The Guatemalan Revolution began in 1944, after a popular uprising toppled the military dictatorship of Jorge Ubico. Juan José Arévalo was elected president in Guatemala's first democratic election. He introduced a minimum wage and near-universal suffrage. Arévalo was succeeded in 1951 by Árbenz, who instituted land reforms which granted property to landless peasants.[1] The Guatemalan Revolution was disliked by the U.S. federal government, which was predisposed during the Cold War to see it as communist. This perception grew after Árbenz had been elected and formally legalized the communist Guatemalan Party of Labour. There was also the fear that Guatemala's independence of the U.S. could inspire nationalists wanting social reform throughout Latin America.[2] The United Fruit Company (UFC), whose highly profitable business had been affected by the softening of exploitative labor practices in Guatemala, engaged in an influential lobbying campaign to persuade the U.S. to overthrow the Guatemalan government. U.S. President Harry Truman authorized Operation PBFortune to topple Árbenz in 1952, which was a precursor to PBSuccess.
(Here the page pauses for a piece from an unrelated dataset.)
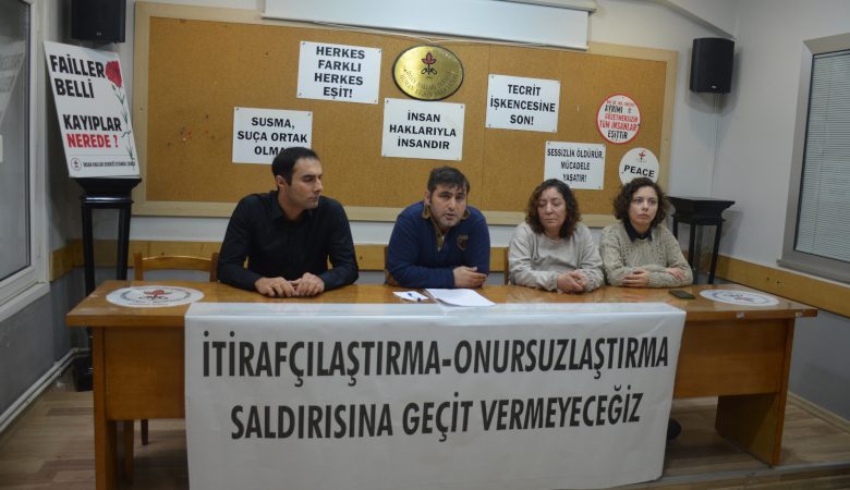 Açıklamanın yapıldığı salonda, “İtirafçılaştırma-onursuzlaştırma saldırısına geçit vermeyeceğiz” pankartı asıldı.
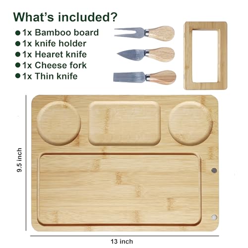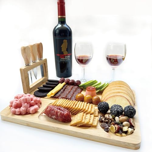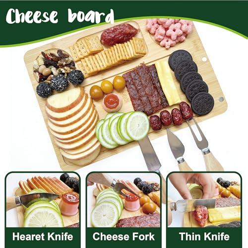 Yolobcrafts - مجموعة هدايا من تشاركوتيري، مجموعة الواح الجبن من الخيزران وصينية تقديم، مجموعة الواح تشاركوتيري هدايا فريدة للامهات - هدايا تدفئة منزل جديد، هدايا زفاف للازواج، هدية حفل زفاف

Dwight D. Eisenhower was elected U.S. president in 1952, promising to take a harder line against communism, and his staff members John Foster Dulles and Allen Dulles had significant links to the United Fruit Company. The U.S. federal government drew exaggerated conclusions about the extent of communist influence among Árbenz's advisers, and Eisenhower authorized the CIA to carry out Operation PBSuccess in August 1953. The CIA armed, funded, and trained a force of 480 men led by Carlos Castillo Armas. After U.S. efforts to criticize and isolate Guatemala internationally, Armas' force invaded Guatemala on 18 June 1954, backed by a heavy campaign of psychological warfare, as well as air bombings of Guatemala City and a naval blockade.
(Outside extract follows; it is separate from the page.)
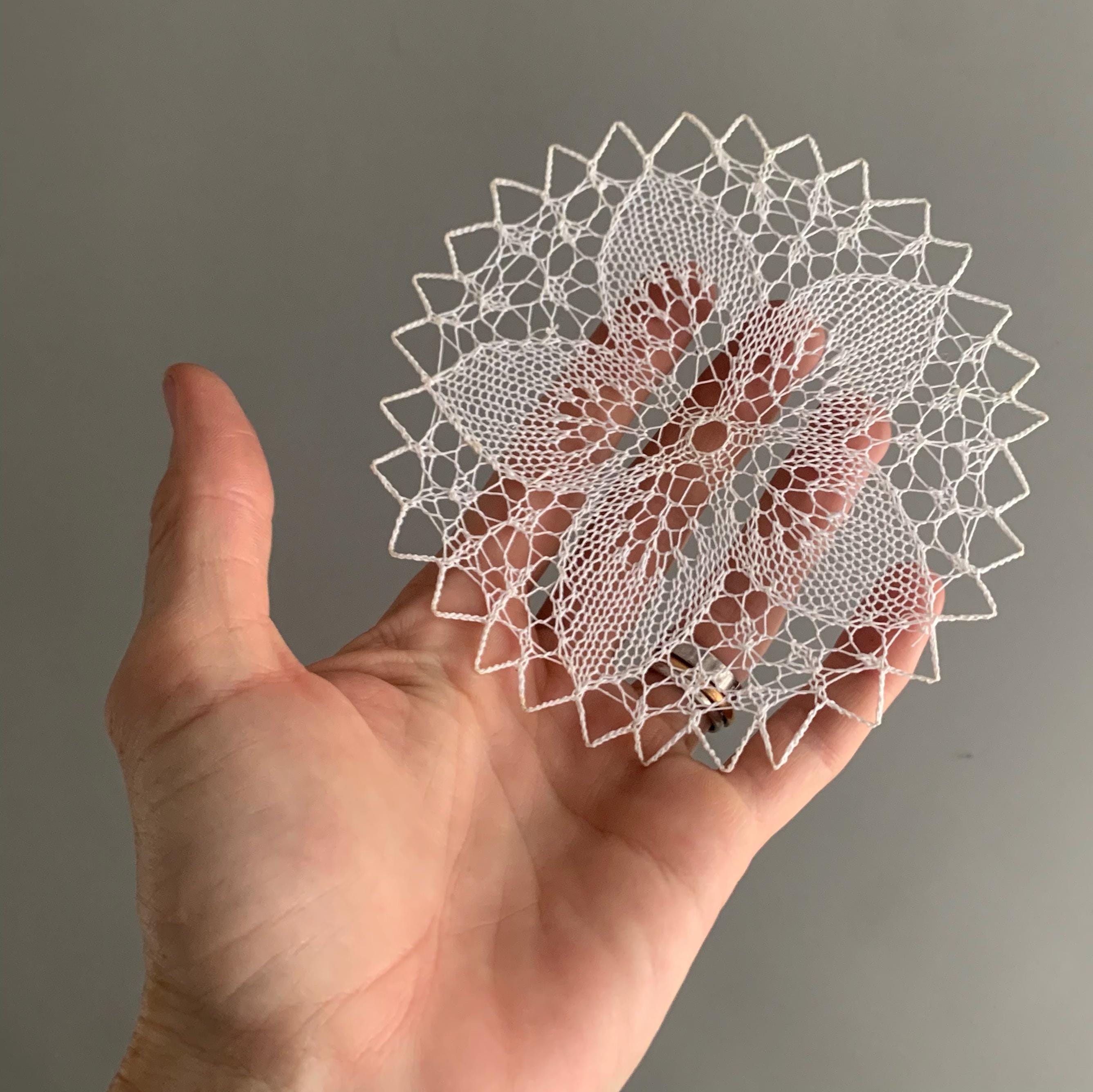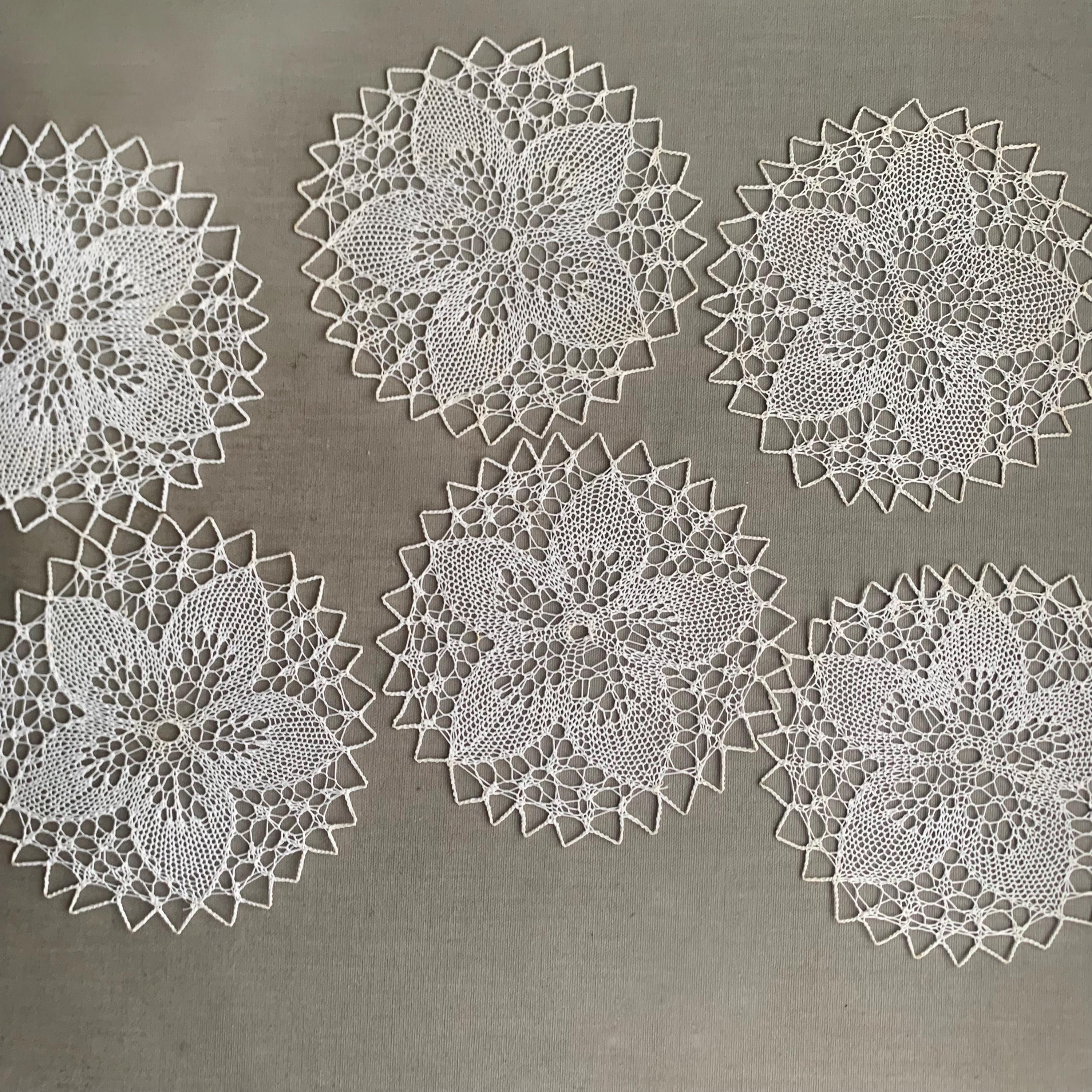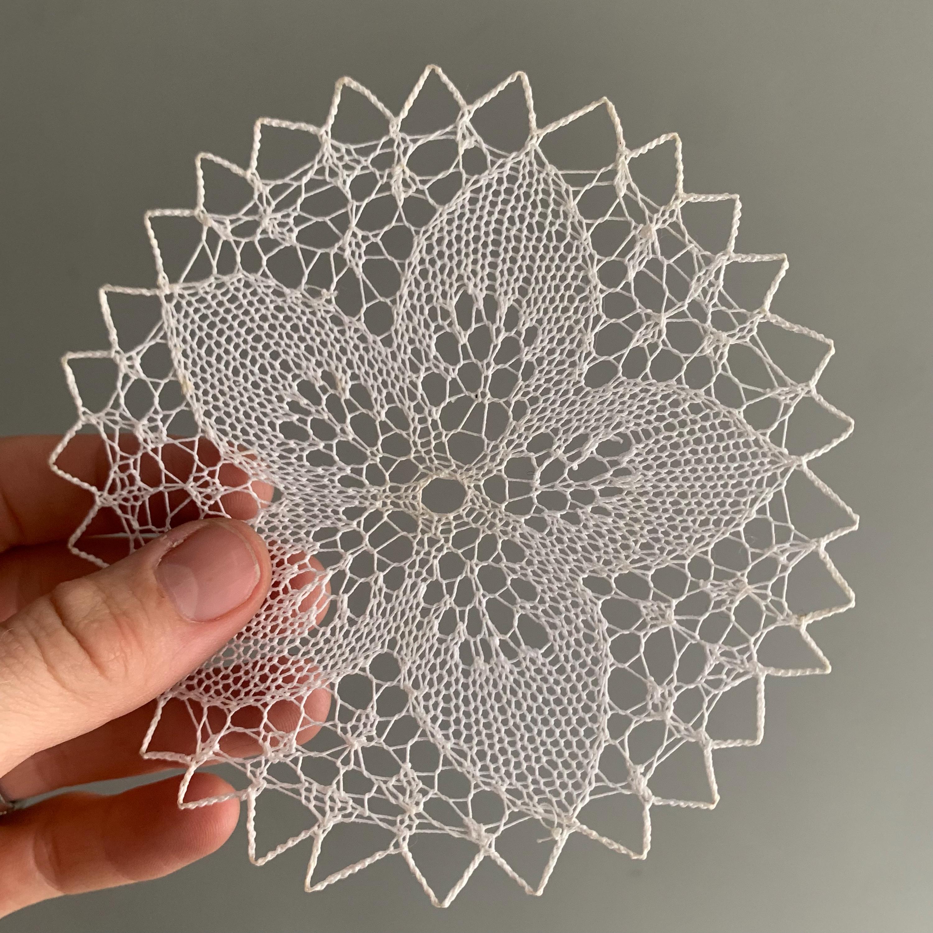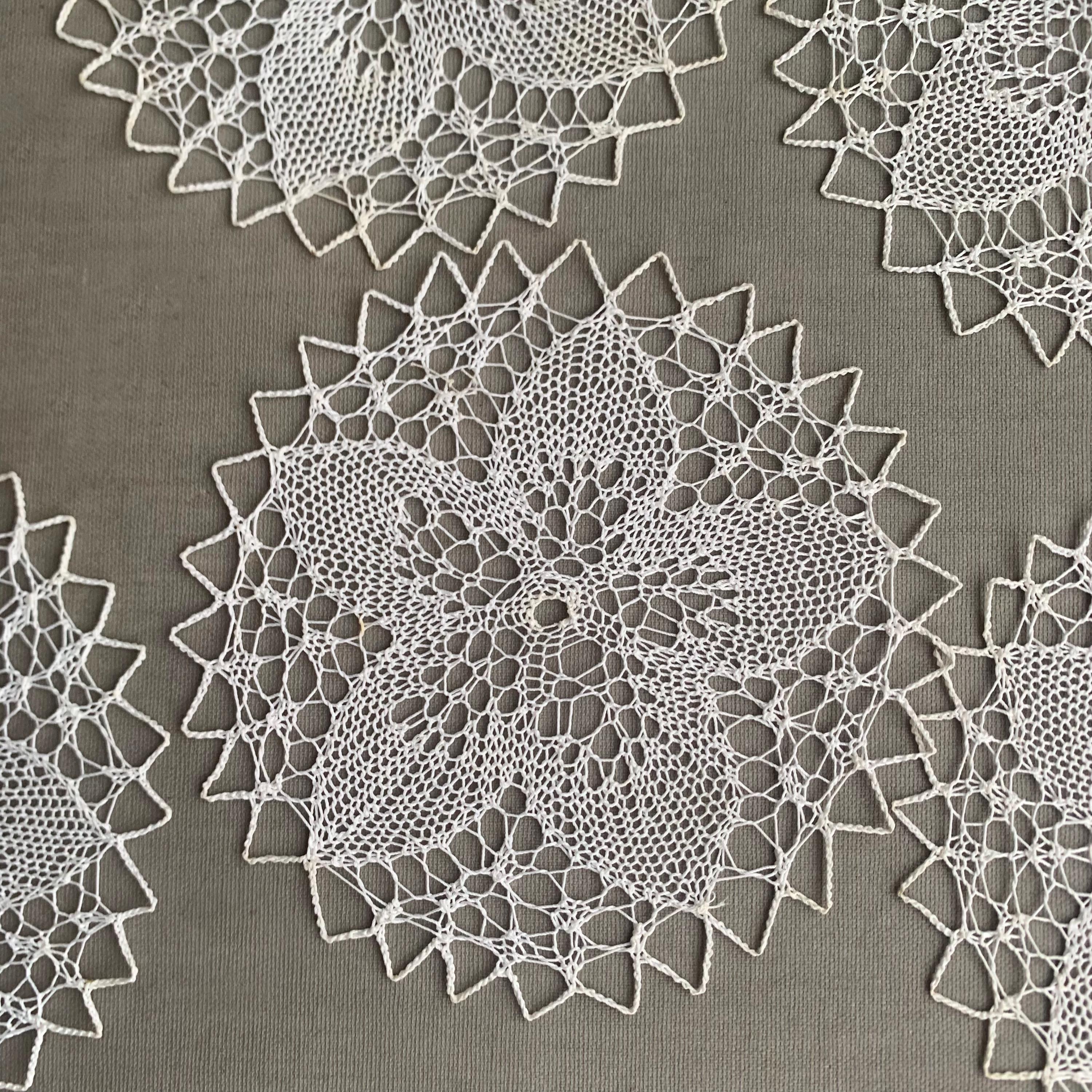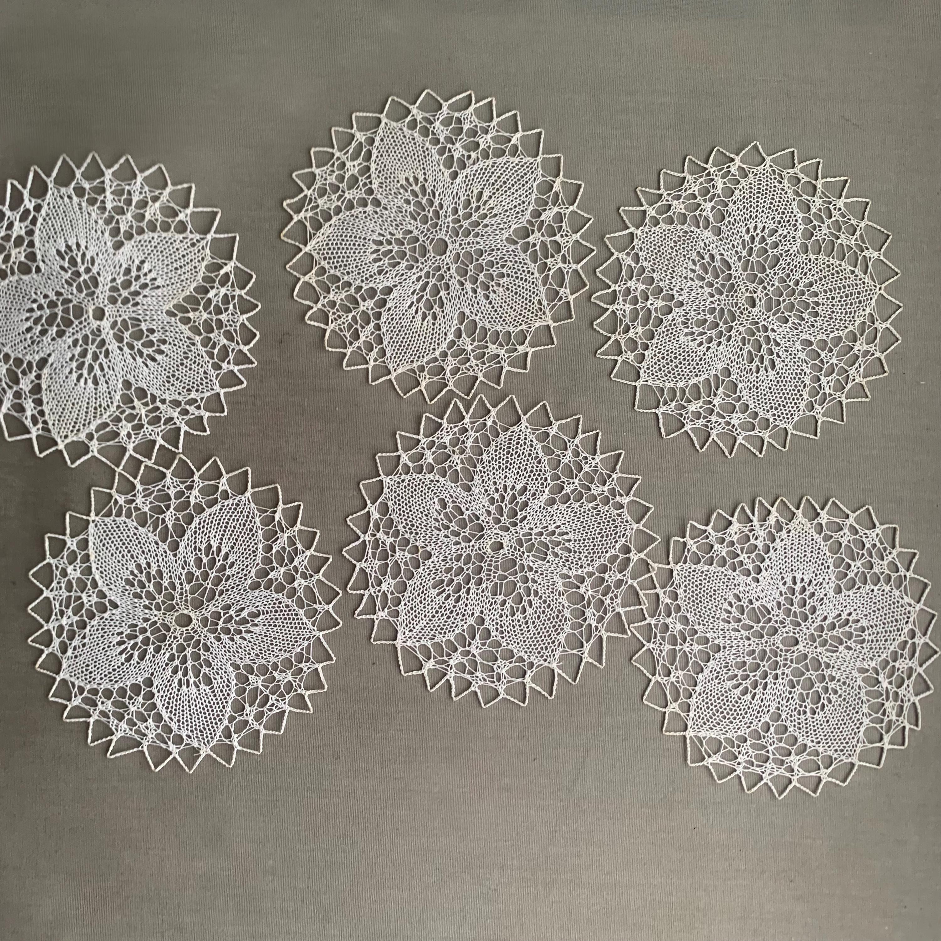 Doilies are typically made from cotton thread through techniques like crocheting or knitting.

The invasion force fared poorly militarily, and most of its offensives were defeated. However, psychological warfare and the fear of a U.S. invasion intimidated the Guatemalan Army, which eventually refused to fight. Árbenz unsuccessfully attempted to arm civilians to resist the invasion, before resigning on 27 June. Castillo Armas became president ten days later, following negotiations in San Salvador. Described as the definitive deathblow to democracy in Guatemala, the coup was widely criticized internationally, and strengthened the long-lasting anti-U.S. sentiment in Latin America. Attempting to justify the coup, the CIA launched Operation PBHistory, which sought evidence of Soviet influence in Guatemala among documents from the Árbenz era, but found none. Castillo Armas quickly assumed dictatorial powers, banning opposition parties, executing, imprisoning and torturing political opponents, and reversing the social reforms of the revolution. In the first few months of his government, Castillo Armas rounded up and executed between three thousand and five thousand supporters of Árbenz. [3] Nearly four decades of civil war followed, as leftist guerrillas fought the series of U.S.-backed authoritarian regimes whose brutalities include a genocide of the Maya peoples.